When you wire an agent to a memory layer, you need a contract that defines what “remembered” means. LongMemEval gives you that contract by specification — five abilities, one split, public questions, public judge logic. If a memory vendor publishes a score, you can ask which abilities they passed and which they skipped. That turns vague memory promises into something an integration spec can actually pin down. Without a shared scorecard, you’re buying mood.

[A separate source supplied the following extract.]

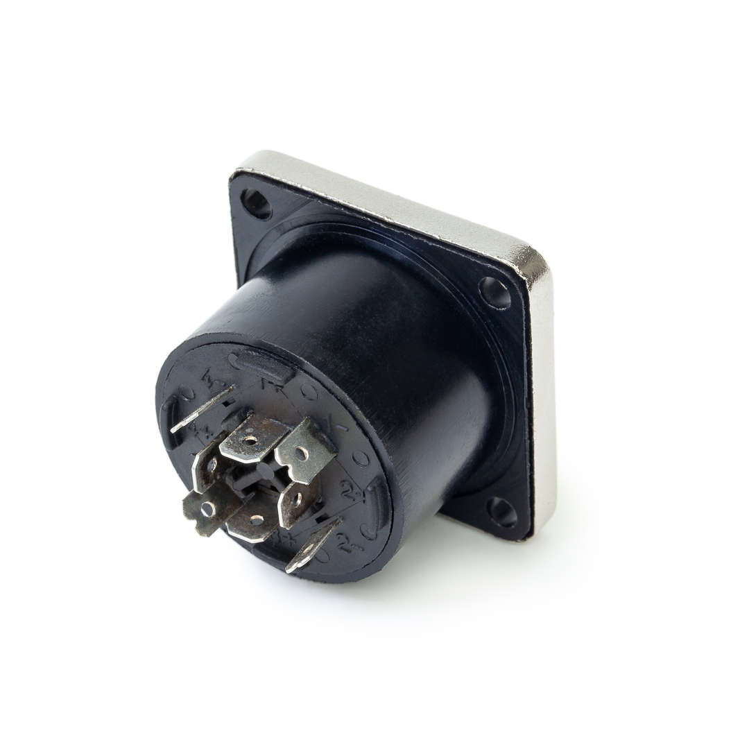 Панельный разъем SPEAKON для подключения громкоговорителей / усилителей, 8-и контактный <штекер/папа>, черный корпус из термопластика, квадратный металлический фланец G-типа, сквозные отверстия, плоские контакты 3/16 ", надежная поворотная система блокировки, оптимизирован для использования в динамиках, контакты - покрытие серебро, рабочее напряжение 250 В / ток 40 А, под пайку. Внимание! Разъёмы SpeakON рассчитаны на кратковременные пиковые нагрузки и не предназначены для передачи сетевого питания или постоянной силовой нагрузки!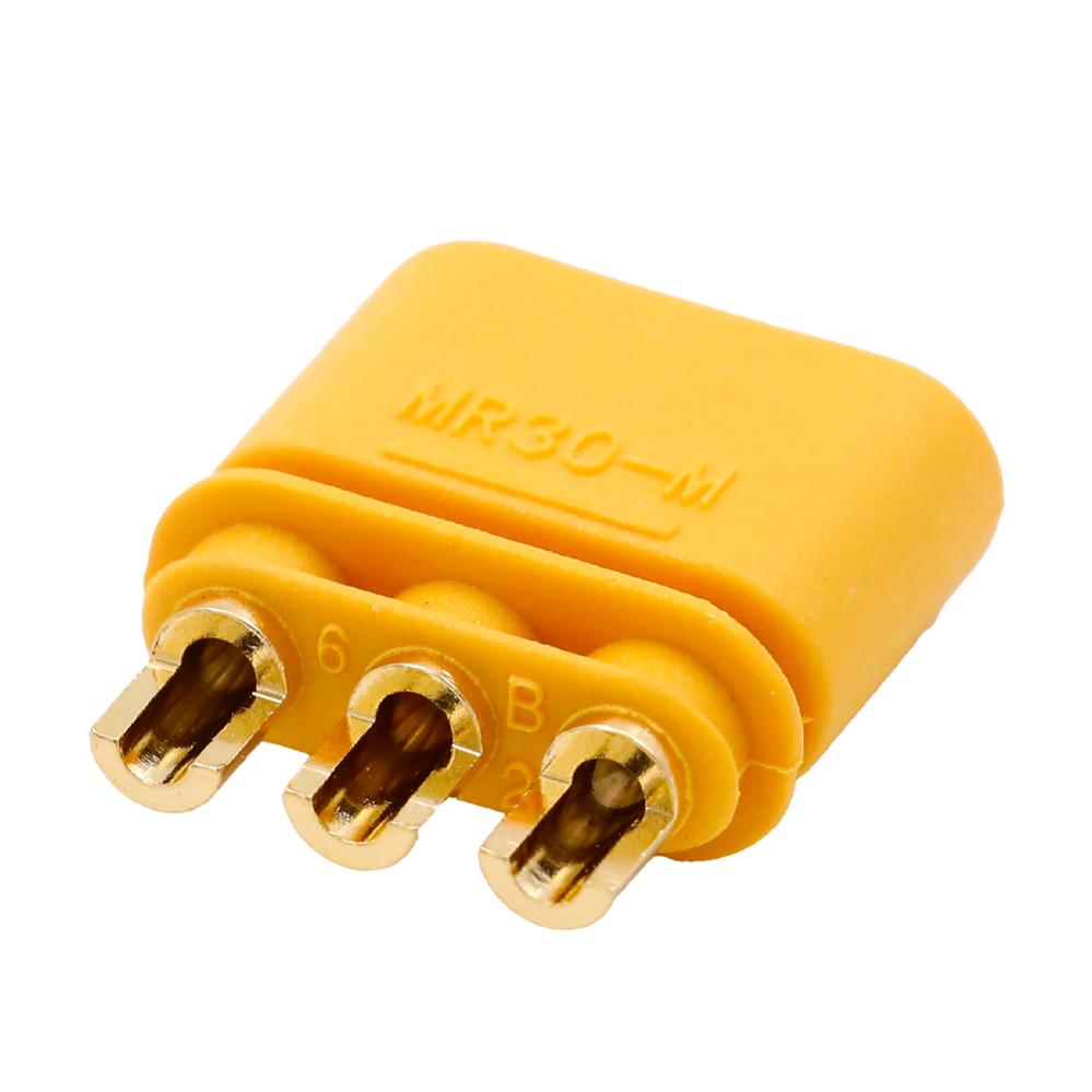MR30-FB (XT30) 3-pol DC-kontakt för kabelmontering, lödanslutning. Med lödskydd. Tillverkad i polyamid (nylon). Lödanslutning för kabel 16AWG (1.5 mm²). Kontakten är vanlig för anslutning av borstlösa motorer, LiPo-batterier, etc. Typisk användning: RC-hobby (flyg, helikopter, drönare).

Every serious agent-memory startup now quotes a LongMemEval number on its homepage. That alone tells you the benchmark already became the buying scorecard for the category. The vendors who refuse to publish are signaling something. The ones who publish a headline score and quietly skip the per-ability table are signaling something else. Read the table. Read the silence. Then decide who you trust with your users’ history.
A benchmark measures what it measures. LongMemEval measures whether an assistant can answer questions about your past sessions. It does not measure whether the assistant should be holding those past sessions at all, what happens when that memory is subpoenaed, sold, or leaked, or who reviewed the user’s consent before logging began. The score tells you the system can remember. It does not tell you the system was ever asked to forget.